Daewon’s Big-Rig Blowout

On the eve of Round 3, Daewon Song takes it higher, farther, and more tech than ever before.

To supplement the already endless tapes of footage he’s logged for the new Almost video, Round 3, Daewon took it upon himself to rent an eighteen-wheeler and two 33-foot bobtails-for those of us not in the know when it comes to trucker slang, bobtails are the largest non-trailer-hauling trucks money can buy (or rent).

For the next two days, the short runway of the eighteen-wheeler became his launching pad, as the two bobtails, sitting side by side, provided a wider landing ground-that being the only concession made for safety as these big rigs towered fourteen feet up in the air with not a single net, mat, or safety railing to avoid a potential mishap.

Since the roof gap is almost as good a friend to Daewon as the picnic table, this should hardly be something to fret over, right? True, true, except every roof Daewon has ever skated has been in the light of day, with little to no moisture factor involved. The close proximity of the beach caused the tops of the trailers, as well as the flatbar, to develop quite a bit of condensation as soon as the sun set each day. As he leapt back across the gap for every attempt (there was bridge to just waltz back over to the other side), he kept slipping out all over the place. But a little water couldn’t stop him from making nearly 200 attempts at this thing for the ten hours he skated each day-all by his lonesome self. All the motivation came from within-he had to prove it could be done by doing it himself despite fatigue from hours of skating and leaping back across the gap every single time.

Once the flatbar was fastened, grinds were thrown down with delicate ease, but it wasn’t until the slides came into play that Daewon realized this was brand-new metal he hadn’t even back tailed on flat ground yet. Knowing that he’s currently resting on solid ground, it’s easy to blame all this insanity on his sheer confidence, but most of us would nosegrind the picnic table on flat before putting it down the stairs.

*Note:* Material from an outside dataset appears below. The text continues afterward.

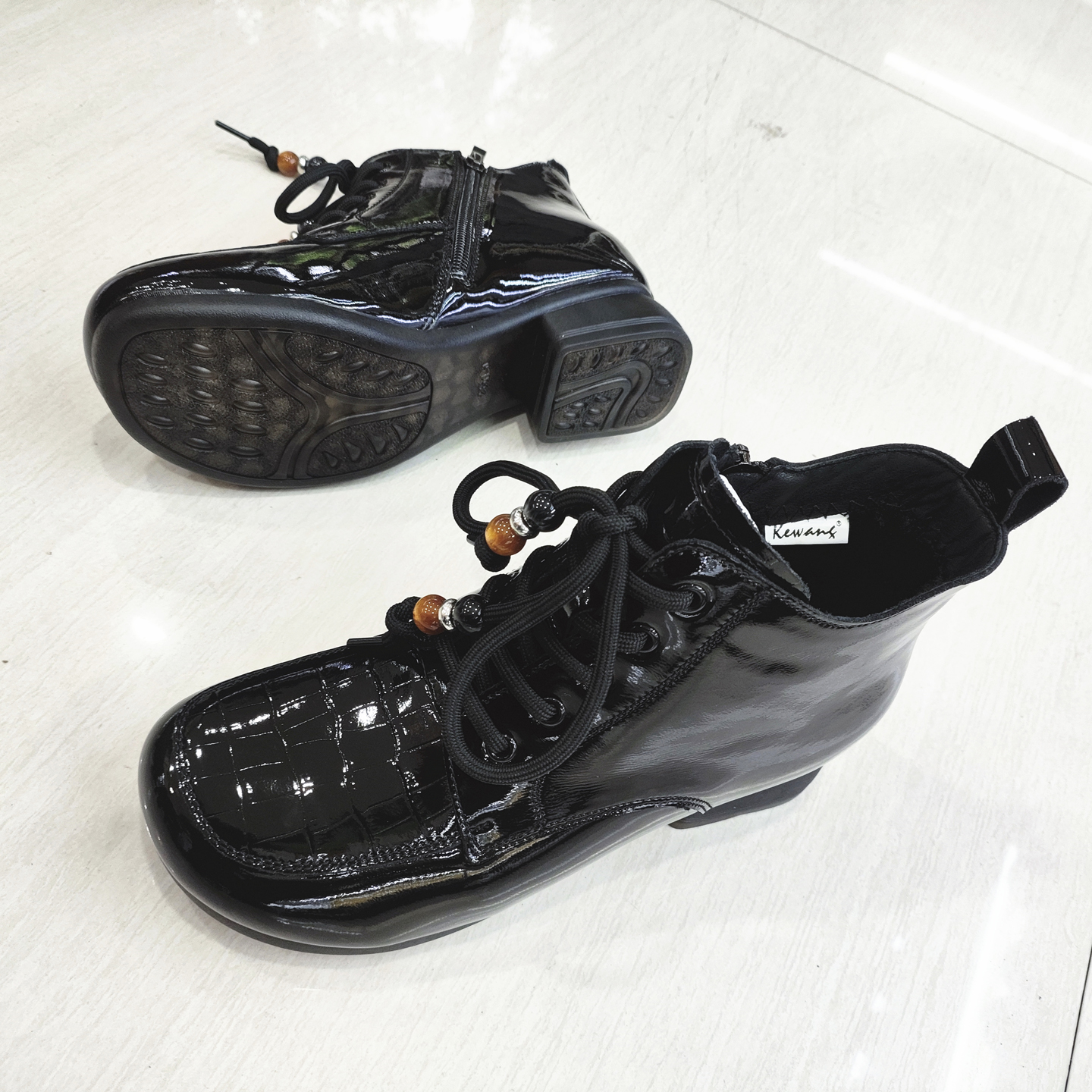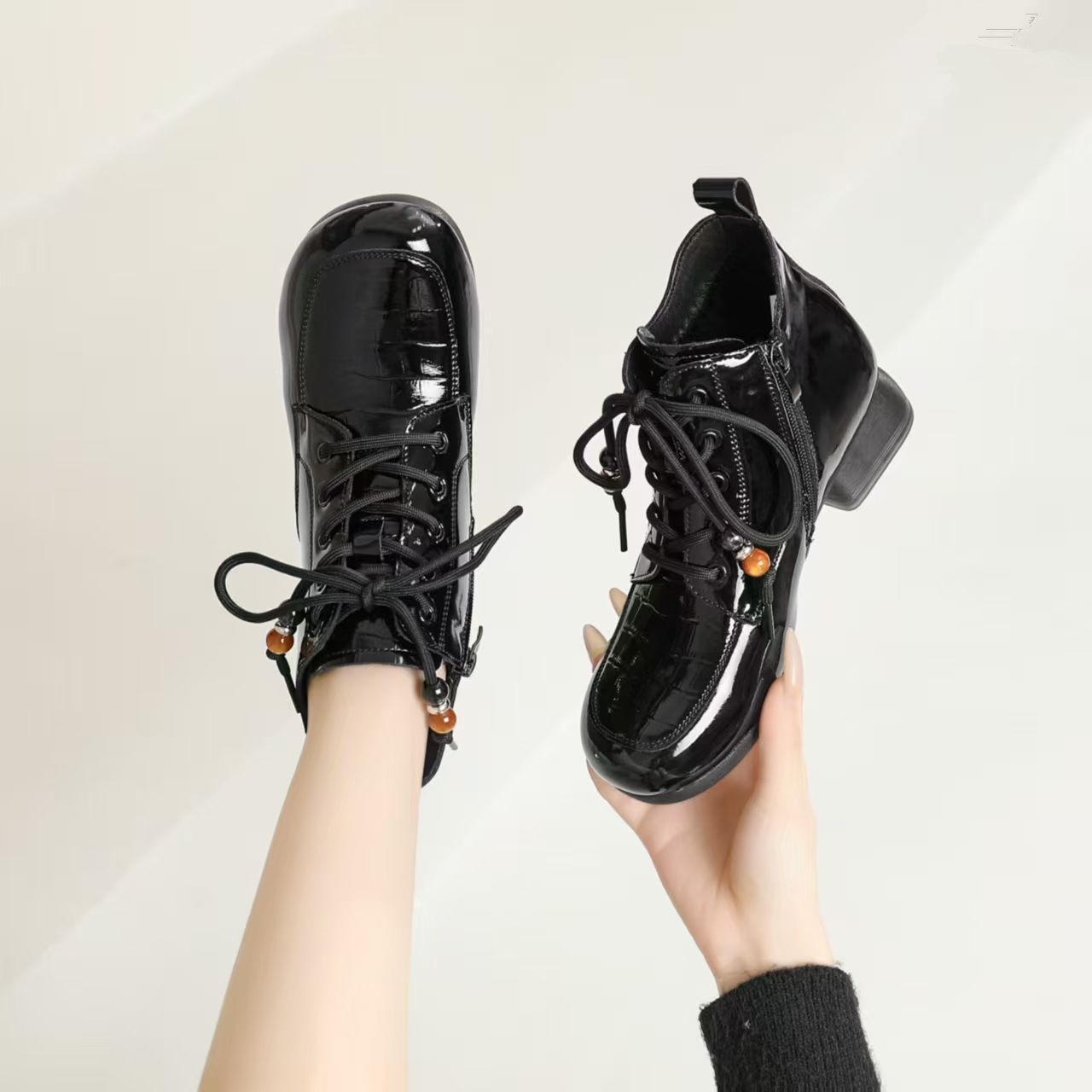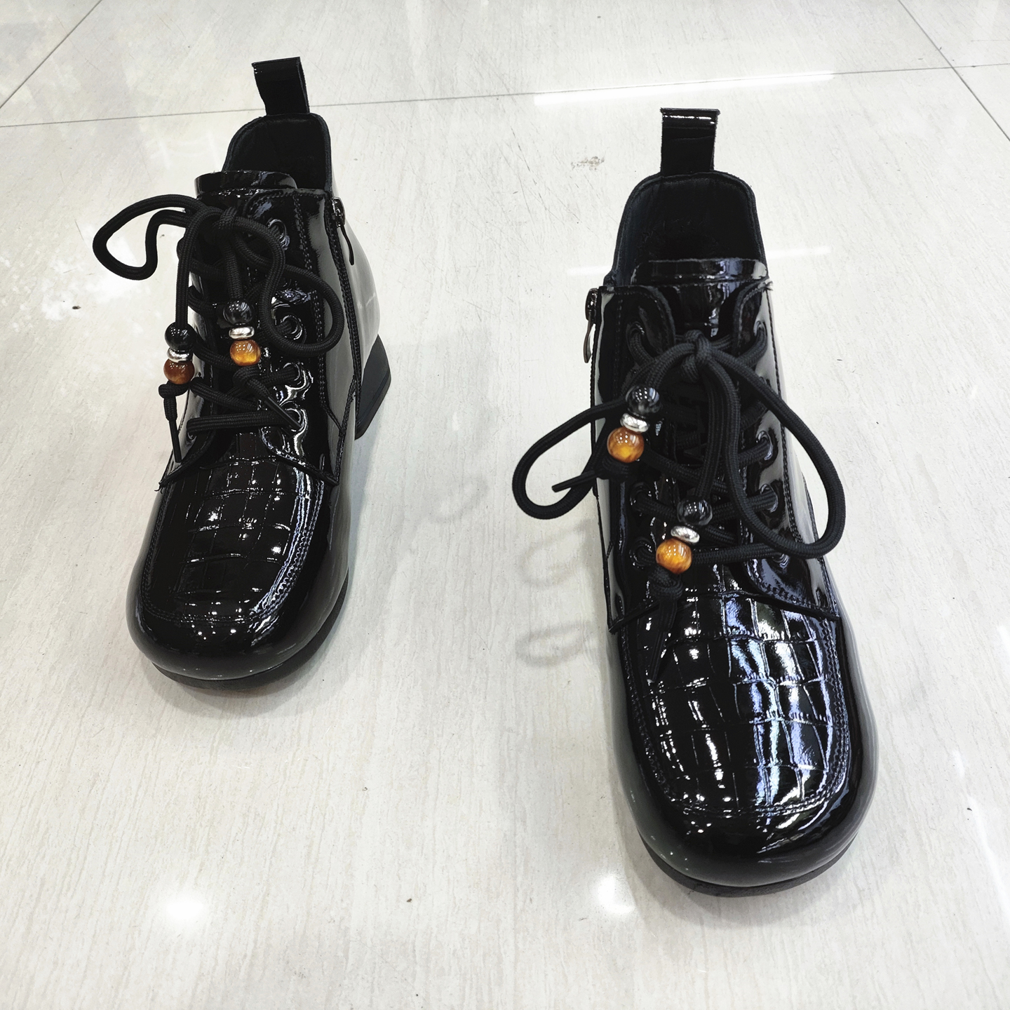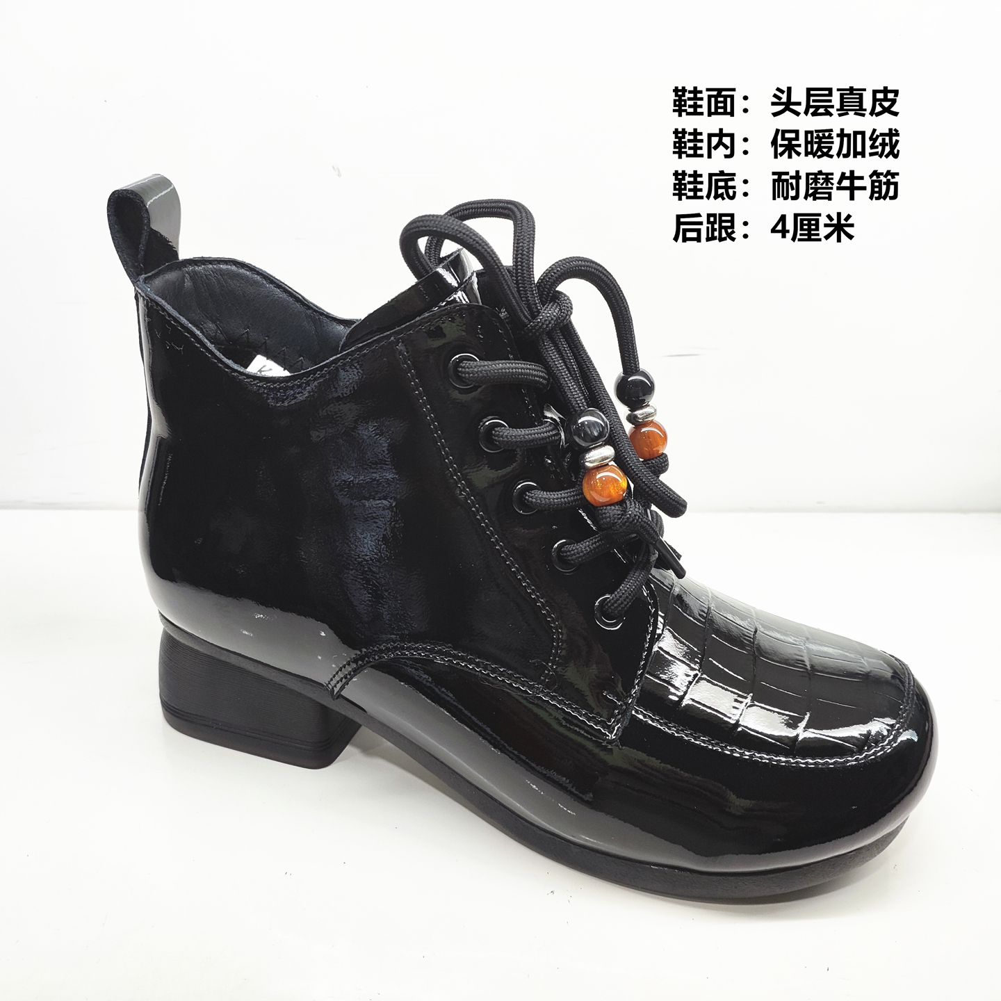 商场女靴子2025冬季新款漆皮时尚英伦风马丁短靴加绒保暖舒适棉靴

When it comes down to it, you can be dumb crazy and overly confident (Daewon himself said during the session: “I just got my life insurance, so I’m cool.”), but you’re going to need that skill to consistently outdo yourself time after time, and Daewon Song couldn’t be a better example of that.-Eric Stricker

Day 1 7:37 p.m.


I shot this just as I rolled up on the scene, and it was one of a handful of tricks (360 flip, frontside flip, et cetera) he did. At this point Daewon had already been skating the gap for hours, so fatigue set in and he was dealing with the wet conditions.

Day 2 3:43 p.m.

Backside tailslide

The backside tailslide was the first thing he ever did, and he went straight for it. Daewon never really tested out the rail on flat or anything. He immediately crooked grinded it, back Smithed it, and then back tailed it. The back tail was scary to watch, ’cause when he came up to the rail, it didn’t look like it would slide well. Nobody ever skated the brand-new rail to break it in. His board stuck, and he flew across the whole gap and barely made it onto the other truck. A lot of times it was really close. But Daewon knows how to jump a little farther and get out of situations like that.

Day 2 6:57 p.m.

180 nosegrind revert

The back-tail photo was shot fisheye, so obviously it’s going to look big, but to step back and see this long lens really puts it into perspective-the trucks, the height, the bar on top of it all-you see how gnarly this really is. First Daewon did this to fakie, and then of course he had to throw in the revert.

Day 2 9:22 p.m.

360 flip lipslide

This was the gnarliest thing besides his nosegind pop out over. I couldn’t get the sequence because there were too many people filming, so I just shot a still. When Daewon told me he was going to try this, I was just scared.

Day 2 2:18 aa.m.

Backside crooked grind pop over

When he told me he was going to cut the rail and elevate it up, I was like, “I don’t know if you should really try this.” To ollie to crooked grind on a flatbar, you can easily miss. One leg goes over, the other stays on the opposite side of the rail, and you basically sack or flip over. If that had happened to him, he would’ve been dead, paralyzed, or seriously hurt. This is one of the first times where I really became scared for someone while shooting a photo. And to do this at nighttime was seriously crazy. When he pulled it I was so shocked, and still nervous for him because I f-ked up the photo-I wanted him in the air popping out. It all happened at 2:30 in the morning, and he still stuck around to hang out.